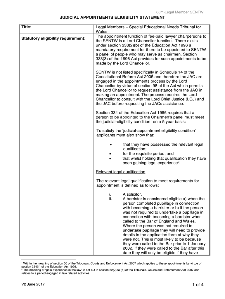 00**Legal Member SENTWJUDICIAL APPOINTMENTS ELIGIBILITY STATEMENT Title: Statutory eligibility requirement:Legal Members Special Educational Needs Tribunal for Wales The appointment function of fee
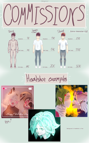 A friendly reminded that my Commissions are currently open!if there's something you want [but it isn't on the list] don't be afraid to pop me a Dm so we can work something out.
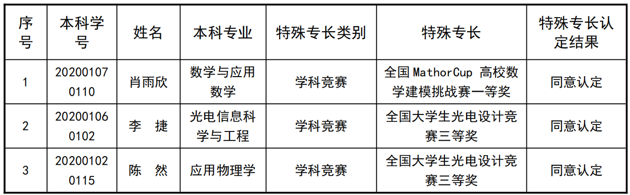 关于做好2024年推荐优秀应届本科毕业生免试攻读硕士学位研究生工作的通知》的要求,学院于2023年9月20日在2号教学楼209会议室进行特殊专长认定答辩会,同意通过特殊专长审核认定的学生名单如下:

——

• REQUIREMENT:
Give back the whole listing exactly as it stands. No pictures belong in the copy.

• SOLUTION FOR THIS TASK:
 00**Legal Member SENTWJUDICIAL APPOINTMENTS ELIGIBILITY STATEMENT Title: Statutory eligibility requirement:Legal Members Special Educational Needs Tribunal for Wales The appointment function of fee
 A friendly reminded that my Commissions are currently open!if there's something you want [but it isn't on the list] don't be afraid to pop me a Dm so we can work something out.
 关于做好2024年推荐优秀应届本科毕业生免试攻读硕士学位研究生工作的通知》的要求,学院于2023年9月20日在2号教学楼209会议室进行特殊专长认定答辩会,同意通过特殊专长审核认定的学生名单如下:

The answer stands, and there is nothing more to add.